If we initially /require/ 'pg' for the extensions to be recognized, then
we can relax the requirement for whichever ones later appear in the spec
using the same syntax. If they appear in the spec with a different
syntax, then by requiring 'pg' already for our variant, we already have
avoided the standard_conforming_strings kind of multi-release
reconciliation effort.

In the near term, there is already one such potential conflict in
12beta: the like_regex using POSIX REs instead of XQuery ones as the
spec requires.
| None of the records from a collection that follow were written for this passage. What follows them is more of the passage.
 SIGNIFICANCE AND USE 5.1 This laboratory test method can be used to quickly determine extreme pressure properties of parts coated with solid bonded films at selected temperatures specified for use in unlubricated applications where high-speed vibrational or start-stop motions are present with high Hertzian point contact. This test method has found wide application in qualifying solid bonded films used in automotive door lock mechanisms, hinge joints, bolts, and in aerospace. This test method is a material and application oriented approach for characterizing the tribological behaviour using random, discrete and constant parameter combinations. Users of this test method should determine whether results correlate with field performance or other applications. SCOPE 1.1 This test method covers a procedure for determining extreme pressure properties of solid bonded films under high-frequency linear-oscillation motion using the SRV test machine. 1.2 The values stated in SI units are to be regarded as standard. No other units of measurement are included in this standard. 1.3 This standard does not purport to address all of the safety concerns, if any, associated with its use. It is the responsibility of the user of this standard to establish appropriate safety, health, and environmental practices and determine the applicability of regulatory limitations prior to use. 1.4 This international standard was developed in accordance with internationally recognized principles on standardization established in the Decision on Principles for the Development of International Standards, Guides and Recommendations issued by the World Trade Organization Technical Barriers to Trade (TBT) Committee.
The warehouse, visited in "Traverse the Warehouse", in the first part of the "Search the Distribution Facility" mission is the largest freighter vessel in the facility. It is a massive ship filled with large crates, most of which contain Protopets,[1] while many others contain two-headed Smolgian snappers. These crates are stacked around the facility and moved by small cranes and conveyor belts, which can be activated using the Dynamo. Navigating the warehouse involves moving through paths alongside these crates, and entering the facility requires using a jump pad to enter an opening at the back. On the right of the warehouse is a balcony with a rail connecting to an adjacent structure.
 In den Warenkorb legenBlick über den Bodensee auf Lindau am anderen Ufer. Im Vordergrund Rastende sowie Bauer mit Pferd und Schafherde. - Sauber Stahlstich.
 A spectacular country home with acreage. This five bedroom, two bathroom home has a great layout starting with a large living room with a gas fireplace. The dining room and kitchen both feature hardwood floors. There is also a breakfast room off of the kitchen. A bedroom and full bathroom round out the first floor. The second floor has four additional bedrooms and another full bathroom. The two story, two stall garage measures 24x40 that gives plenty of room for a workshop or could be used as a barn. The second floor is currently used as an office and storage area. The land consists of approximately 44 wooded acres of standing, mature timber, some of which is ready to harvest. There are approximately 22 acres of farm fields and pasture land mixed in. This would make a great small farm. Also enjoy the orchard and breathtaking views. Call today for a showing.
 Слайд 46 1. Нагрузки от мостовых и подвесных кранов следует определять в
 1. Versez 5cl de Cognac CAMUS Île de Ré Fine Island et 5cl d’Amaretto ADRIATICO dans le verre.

Of course we don't currently have an XQuery regex
engine, but if we ever have one, we then face a headache if we want to
move jsonpath toward using it. (Ties in to conversation [1].)
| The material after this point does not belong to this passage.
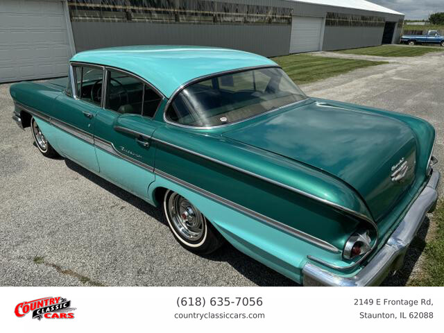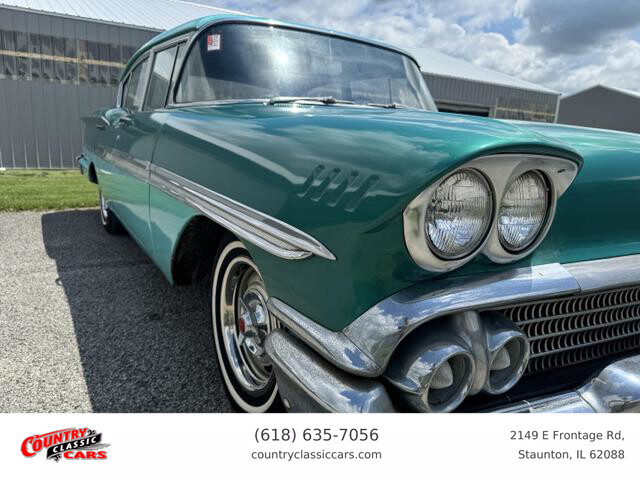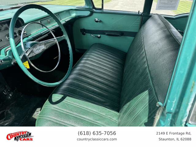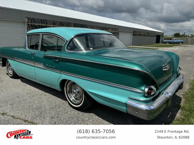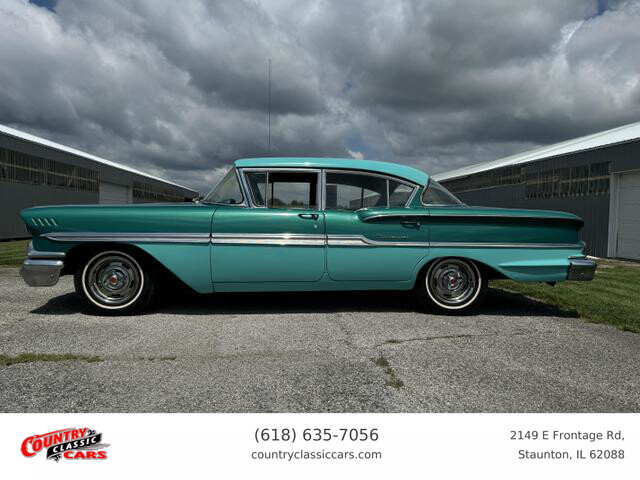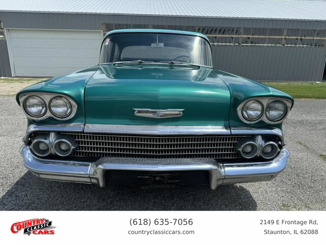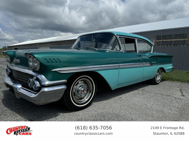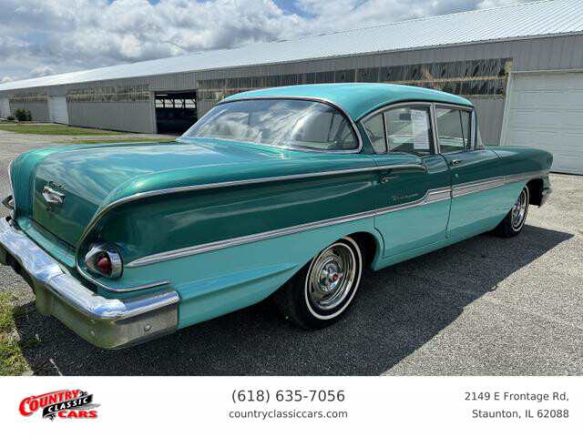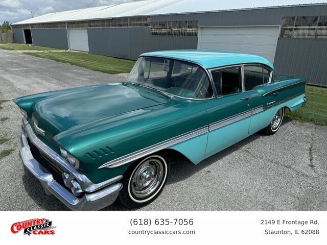 Available now is this 1958 Chevrolet Biscayne 4 door sedan finished in a two-tone green over a green interior. This Chevy is powered by an inline 6-cylinder engine mated to a 3 speed manual transmission. Just out of long term storage, this Biscayne has just had a tune up, brake system overhaul, and a new fuel tank installed. Runs and drives very well.
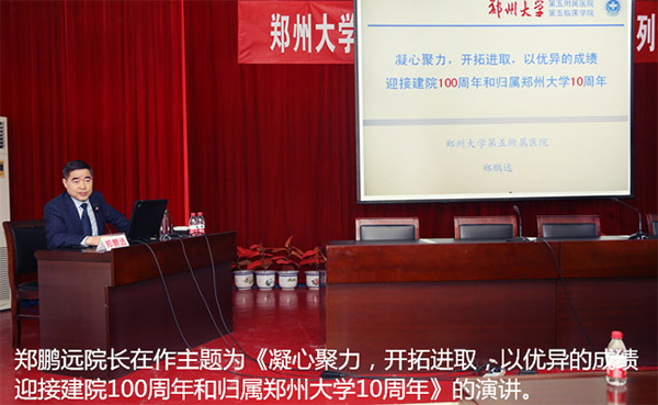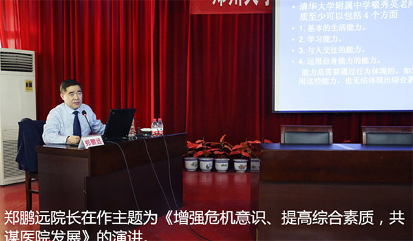 4月16日下午,我院院长郑鹏远教授在门诊五楼会议室为全院青年医生做了一场题为《凝心聚力,开拓进取,以优异的成绩迎接建院100周年和归属郑州大学10周年》及《增强危机意识、提高综合素质,共谋医院发展》的专题报告。

Maybe we could avoid that by recognizing now an extra P in flags, to
specify a POSIX re. Or, as like_regex has a named-parameter-like
syntax--like_regex("abc" flag "i")--perhaps 'posix' should just be
an extra keyword in that grammar: like-regex("abc" posix). That would
be safe from the committee adding a P flag that means something else.

The conservative approach would be to simply require the 'posix' keyword
in all cases now, simply because we don't have the XQuery regex engine.

Alternatively, if there's a way to analyze a regex for the use of any
constructs with different meanings in POSIX and XQuery REs (and if
that's appreciably easier than writing an XQuery regex engine), then
the 'posix' keyword could be required only when it matters. But the
conservative approach sounds easier, and sufficient. The finer-grained
analysis would have to catch not just constructs that are in one RE
style and not the other, but any subtleties in semantics, and I
certainly wouldn't trust myself to write that.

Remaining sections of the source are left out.